The antibiotic rifampicin is used extensively in the treatment of mycobacterial and other infections. It has previously been suggested that rifampicin binds to and activates the glucocorticoid receptor potentially leading to pharmacological glucocorticoid-like effects such as host immunosuppression (Calleja et al.). This study compares the effects of rifampicin with the synthetic glucocorticoid dexamethasone, on macrophage phagocytosis of zymosan particles and production of nitric oxide (NO) and tumour necrosis factor-alpha (TNF-alpha) by splenocytes or macrophages. Rifampicin and dexamethasone, partially suppressed zymosan phagocytosis by macrophages, respectively, and both effects were ameliorated by the glucocorticoid receptor antagonist RU486. In other experiments, rifampicin had no effects on NO responses; however, dexamethasone inhibited NO in an RU486-sensitive manner. At high doses, rifampicin moderately suppressed TNF-alpha while dexamethasone inhibited it in a dose-dependent manner, which was ameliorated by the presence of RU486. These findings suggest that rifampicin has differential immunomodulatory effects on these innate immune mechanisms.
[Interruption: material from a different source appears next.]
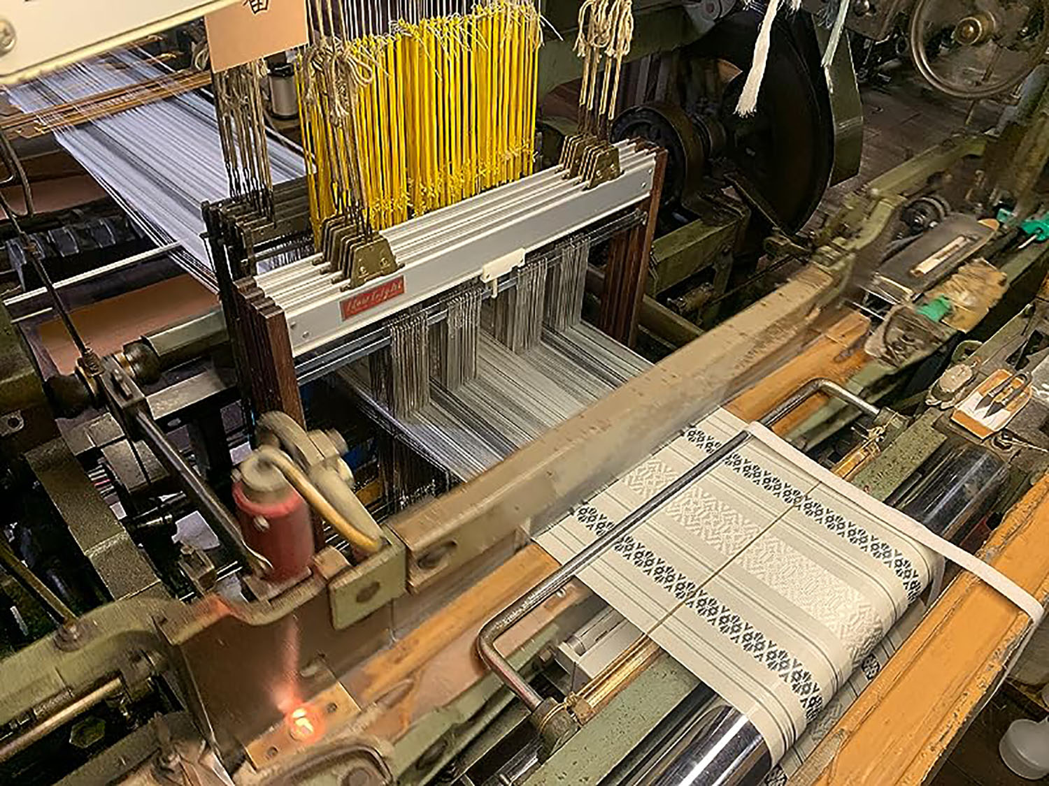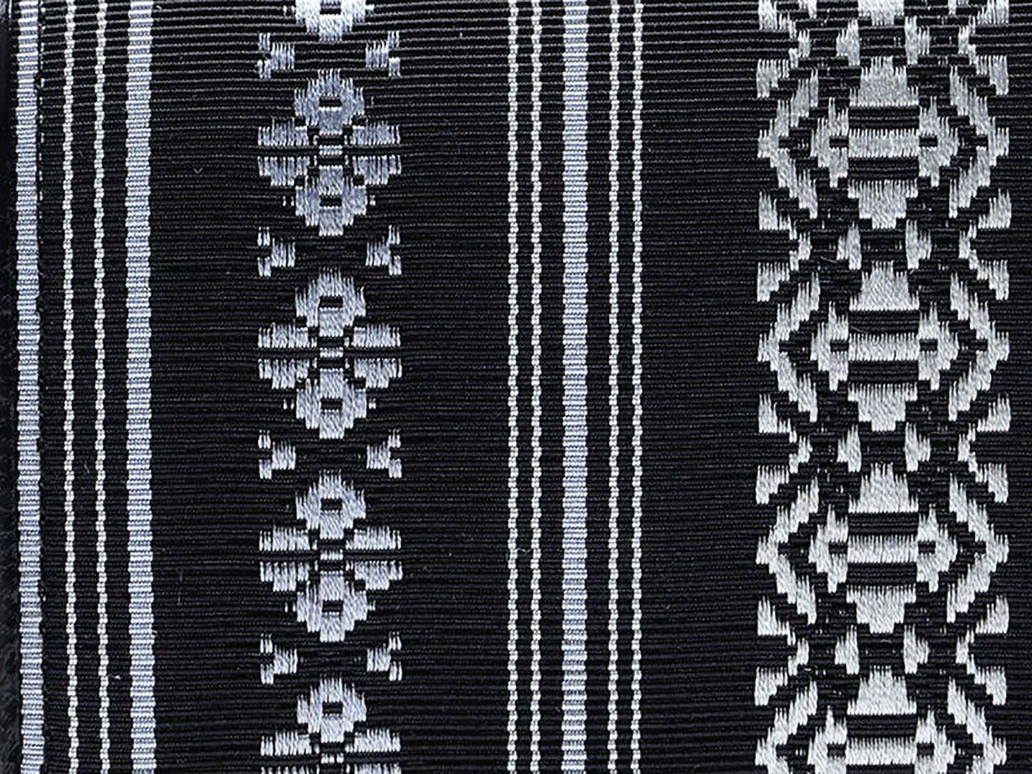 たくさんの経糸 (たていと) に数本の糸をまとめ合わせた緯糸 (よこいと) を強く打ち込んでつくられる、コシのある丈夫な生地が特徴です。
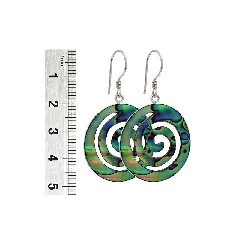 I-be, Paua Shell Abalone Earrings Round with Spiral 925 Silver 398201 Spiral, Sterling Silver

Laminarin, a soluble beta-glucan, inhibits macrophage phagocytosis of zymosan but has no effect on lipopolysaccharide mediated augmentation of phagocytosis.

Phagocytosis is a fundamental aspect of innate resistance against microbes, including fungi. In this study we investigated the significance of beta-glucan on the surfaces of zymosan particles, derived from Saccharomyces cerevisiae, during phagocytosis by RAW 264.7 macrophages. Phagocytosis was assessed in vitro by macrophage exposure to zymosan particles followed by cell staining and light microscopy. Macrophage ingestion of zymosan was dependent on cellular recognition of the particles' beta-glucans since laminarin, a soluble beta-glucan, inhibited phagocytosis in a concentration dependent manner when added to cell cultures. In contrast, the presence of another carbohydrate, mannan, had no effect on zymosan phagocytosis by cells. In addition we showed that LPS and dexamethasone had opposing effects on phagocytosis of zymosan. LPS significantly augmented ingestion while in contrast dexamethasone, like laminarin, suppressed it. The LPS-enhanced ingestion of zymosan was insensitive to the presence of laminarin in cell cultures, however dexamethasone partially ameliorated the effects of LPS on phagocytosis. Our findings confirm beta-glucan as an important ligand identified by macrophages and required for zymosan phagocytosis in naïve cells, but not in cells previously exposed to LPS.